If you have had a successful FWB situation - what have been your lessons learned?
Thanks!
Re: Friends with Benefits
I had one for a while and it was fun, but when it ended, it ended badly. I think you have to be totally honest with yourself that you have NO feelings whatsoever. Honestly if you're looking to date other people I don't think a FWB situation is for you. Mine worked well because I wasn't interested in going on dates or having an actual relationship, I just wanted to have some "fun" you know? I'd focus your energy on dating instead. But that's just my two cents. Perhaps others with more successful FWB situations will have better advice.
I also had a FWB and it ended extremely badly. He went nuts when I called it off. He started getting extremely controlling and even tattooed my name on his chest.
I am sure it works for some people, but I will never have a FWB again. I will stick with BOB.
They see us rollin'...they be hatin'.
You have to be honest with yourself and the other person. Make rules that you're comfortable with. What do you want a FWB for? Just sex, cuddling but no dinners out, stress fuucks, fantasies, etc? Make it clear whether you'll be exclusive or not. Safety is a must for me so I'm very upfront about condoms and testing. Since the relationship is based on sex, it's important to be upfront and honest.
I have one now and we're FWB for fantasies, horny days and stress relief. We both have lives and want different things and I told him that I am not limiting myself to him (even though I'm not sleeping with anyone else) and that he should continue to look for what he wants (a gf).
We're both busy and hook up every now and then. I haven't seen him in almost a month though. I wasn't feeling it for a while and didn't call him but now that we're back in touch, I'll see him next week probably. Just today, my FWB just found me on a dating website and it would have been awkward had I not told him that I was going to be looking around.
If you can handle it emotionally it's great, but it doesn't work for a lot of people and feelings can get involved.
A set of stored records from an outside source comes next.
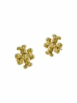 Tory Burch Earring Goldtone Stud Logo Pavé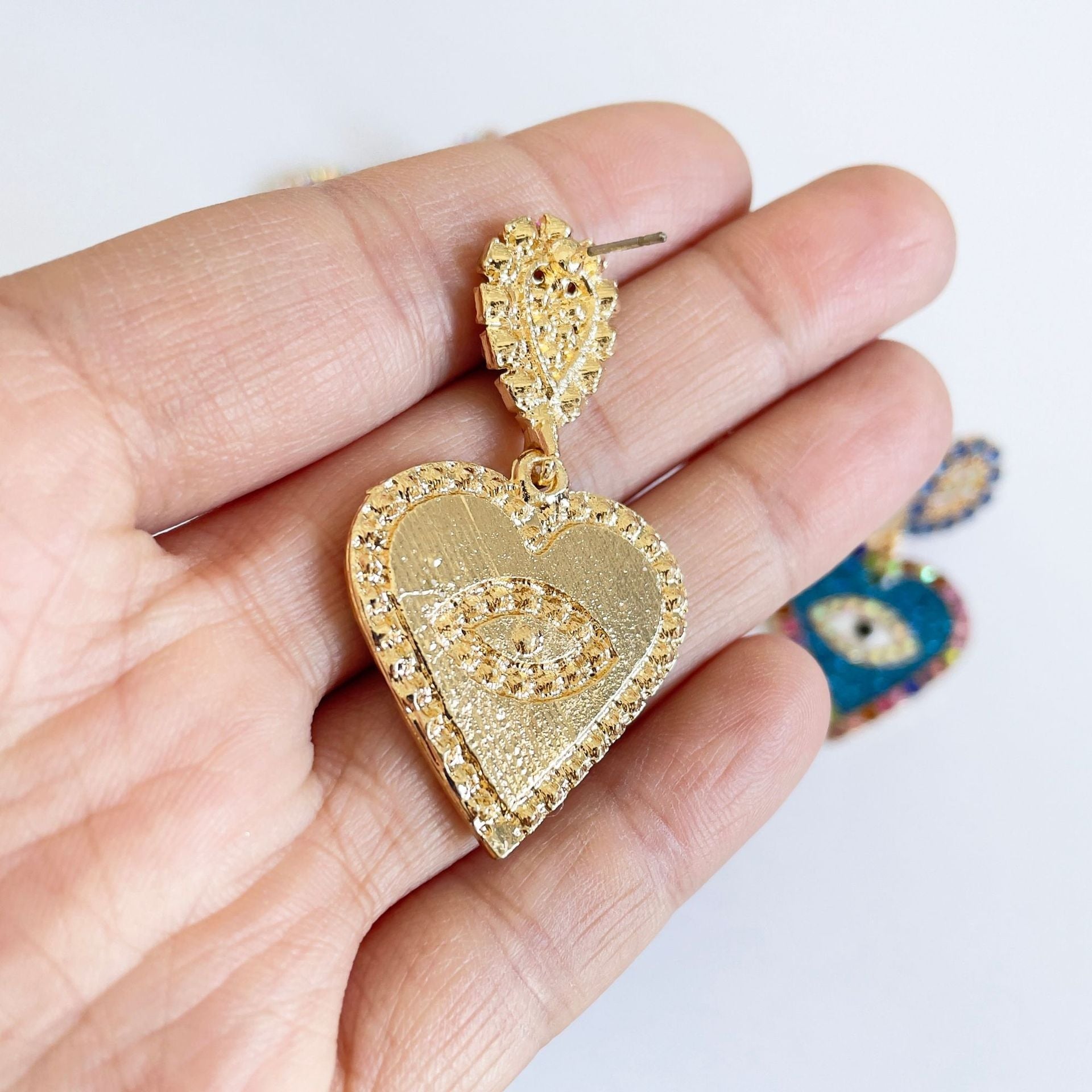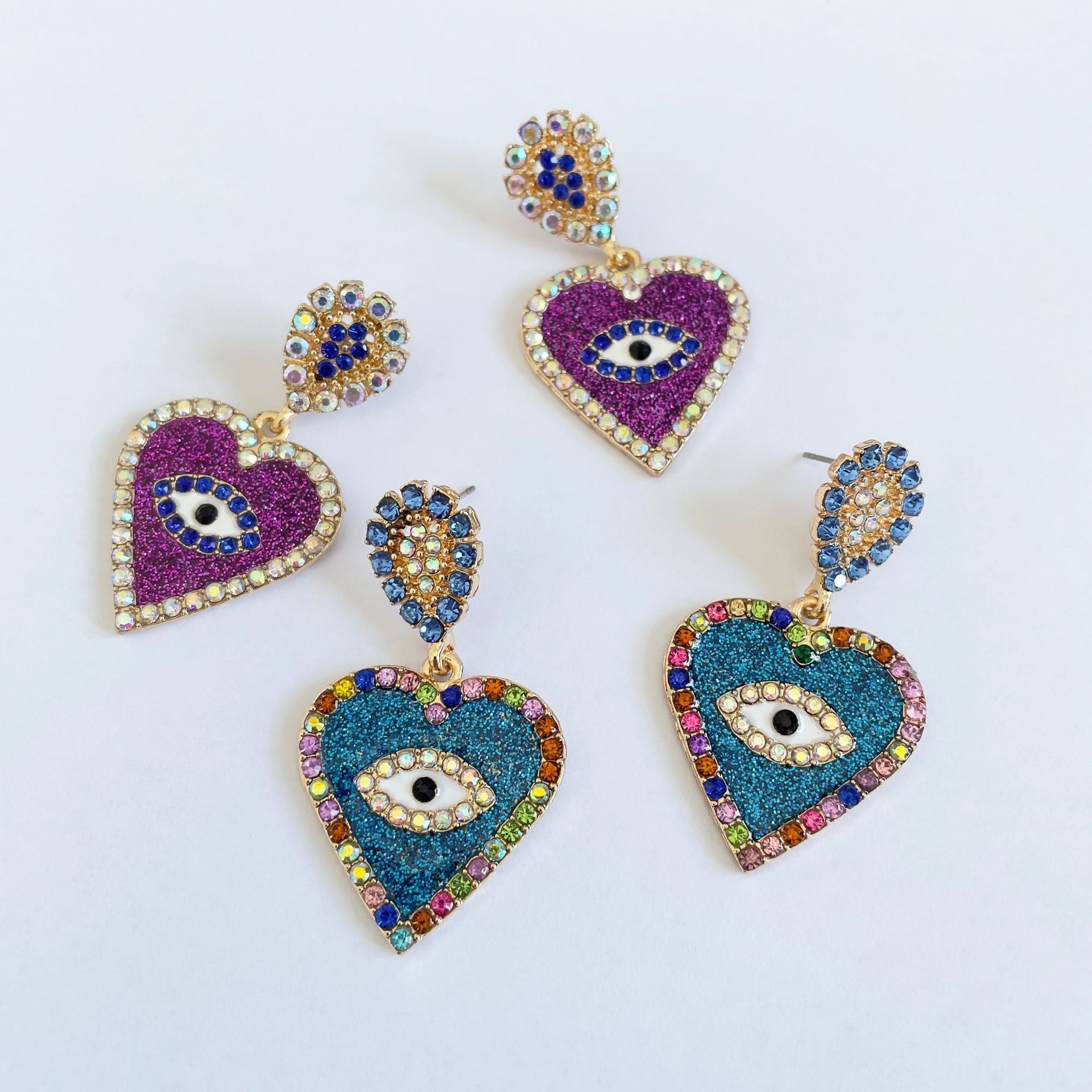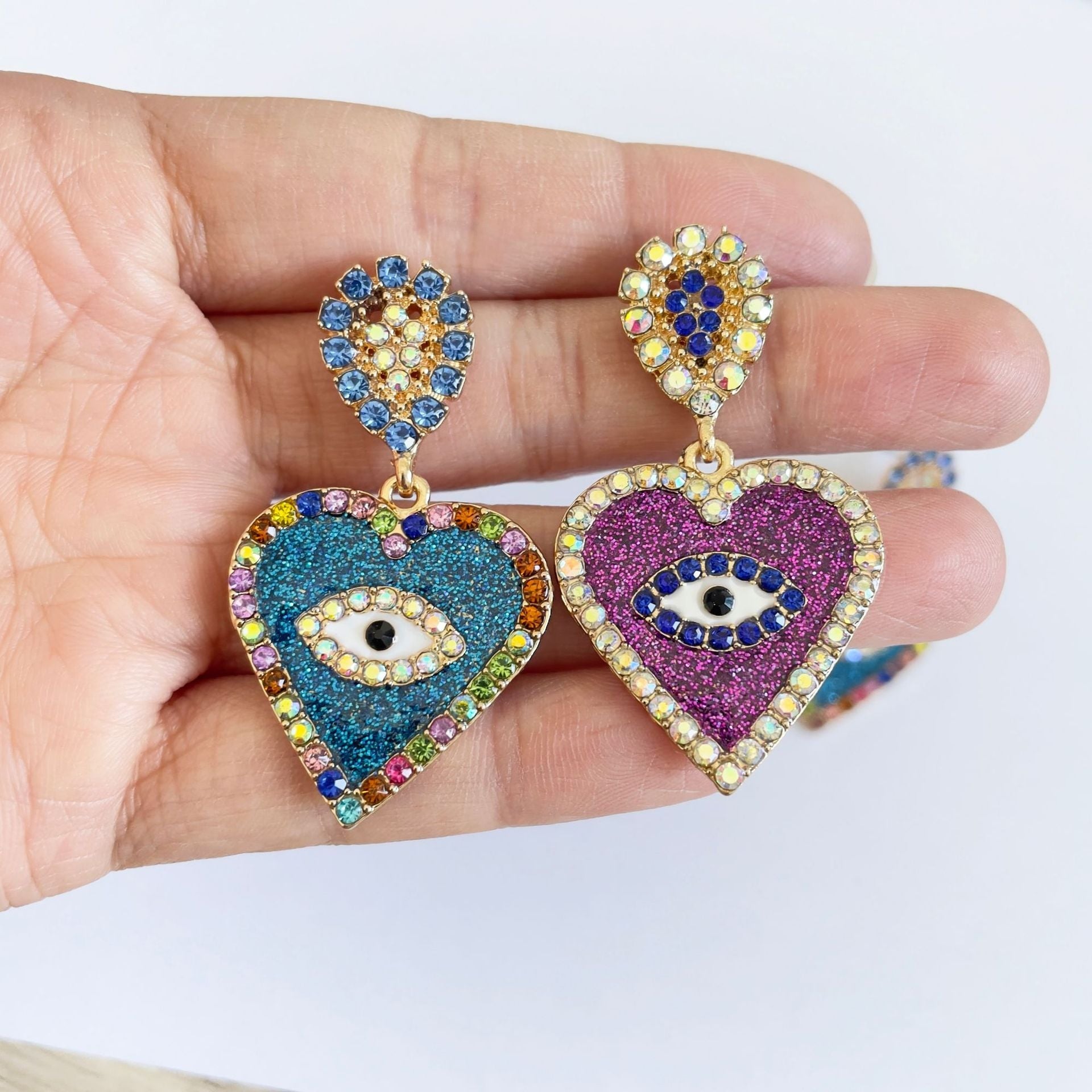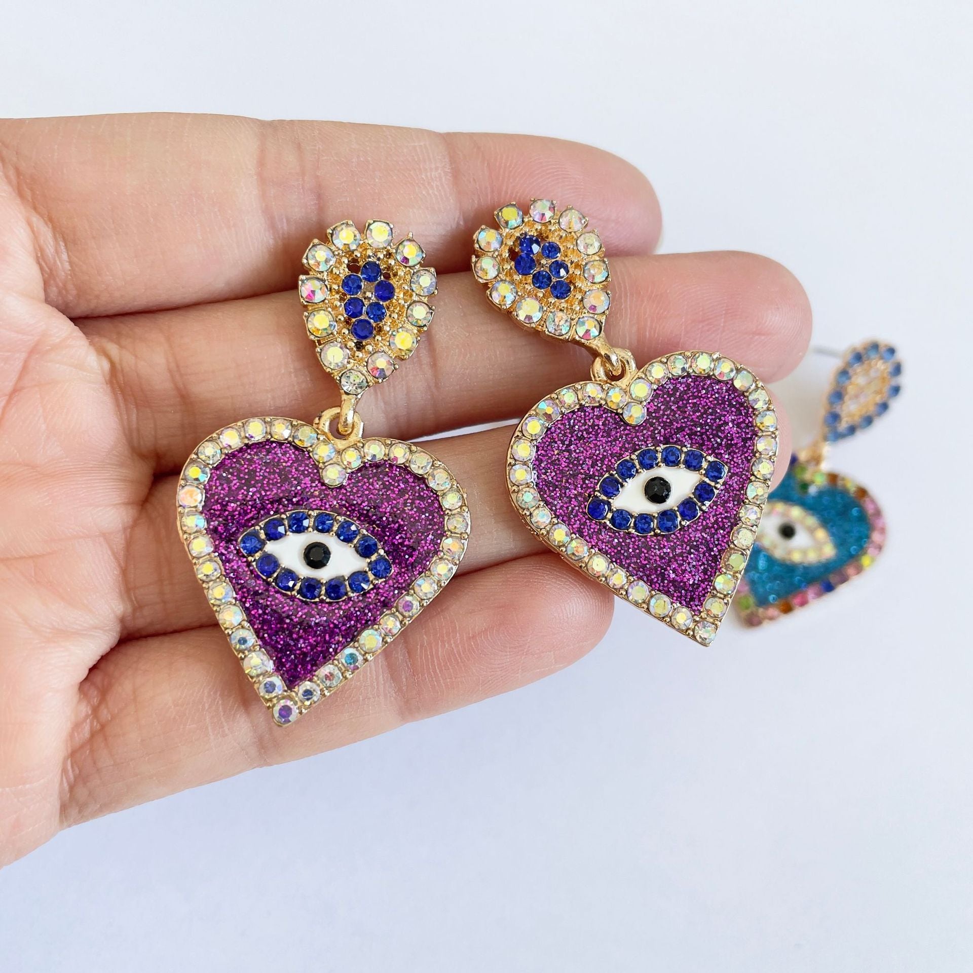 Fashion Heart Eye Rhinestone Inlay Women's Drop Earrings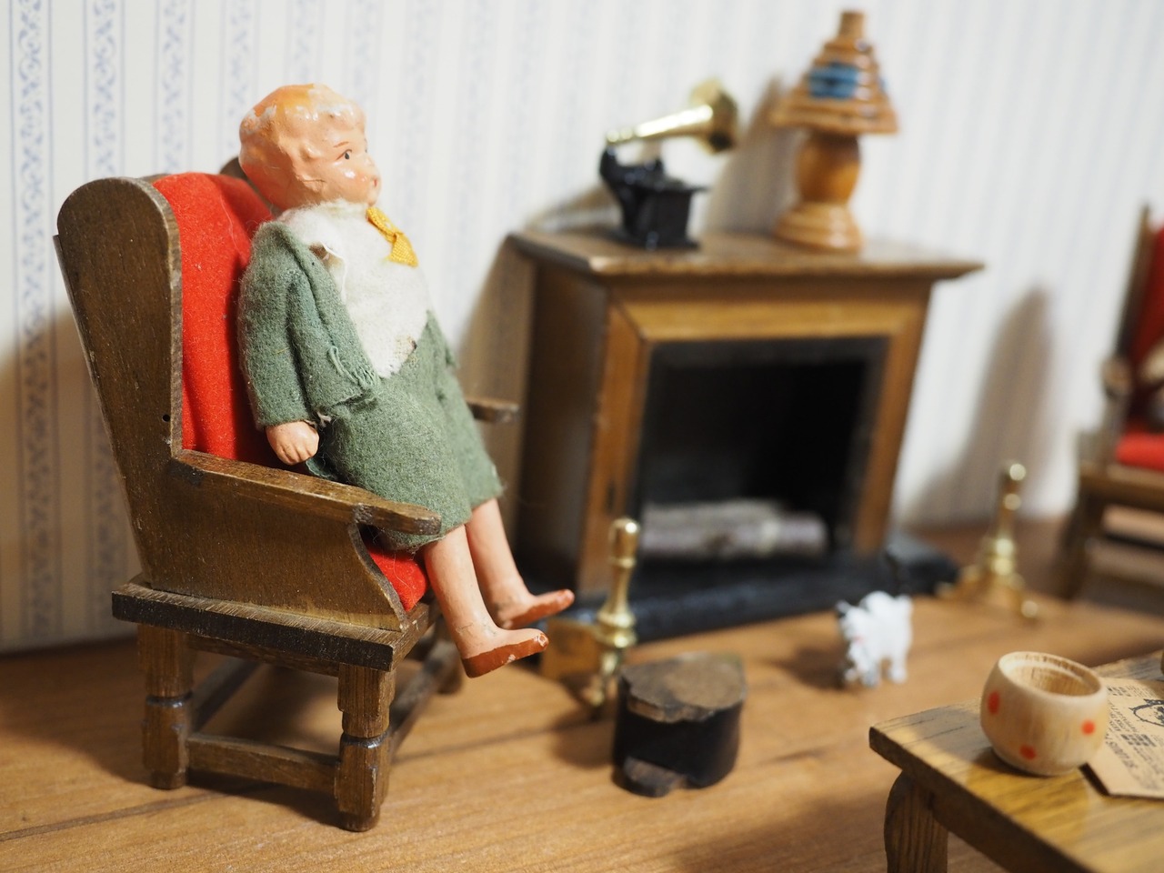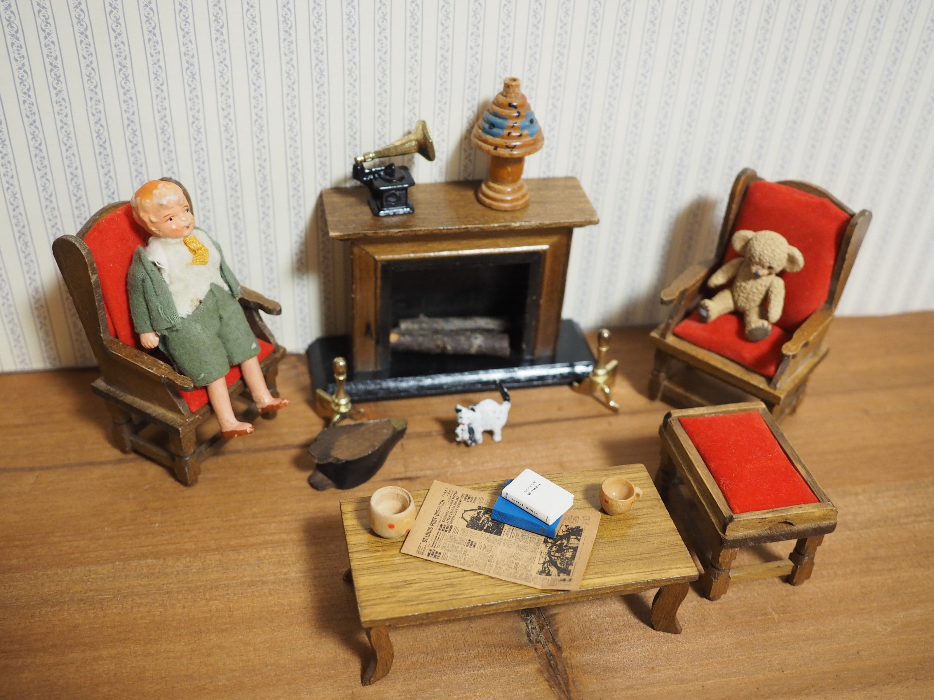 暖炉約12.5×4×8.1㎝、椅子約5.9×6×10.5㎝、机約10.8×5.1×3.4㎝

Sex and emotions are often intertwined. Some people say they will only have an FWB with someone they wouldn't date and others say, if the person isn't good enough to date, then why would you sleep with them? It's a matter of what you're comfortable with.
It is so much harder to navigate banging someone with no emotional involvement than it is to date. Please just date people, and wait till you find someone you'd like to sleep with that you can also have an actual relationship with.
Have you ever had a long term sexual relationship with a man without developing feelings for him or him for you?
Have you ever had a man you had sex with too soon/without feeling on your end, who then became attached to you but you were not attached to him, and how well/badly did that relationship end? How much pain did he have?
Have you ever had a man that you had sex with too soon, where he never had feelings for you but you had feelings for him, and he used you just for sex despite your caring and feelings? How did that make you feel?
These are the pitfalls of FWB; not counting unintended pregnancy with someone you don't care about, or stds, or genital warts or herpes, or just missing out on a really nice man because he thought you were tied to the FWB guy. Or the guy who decided not to continue dating you because he doesn't think casual sex with people you don't care about is an attractive thing in a person.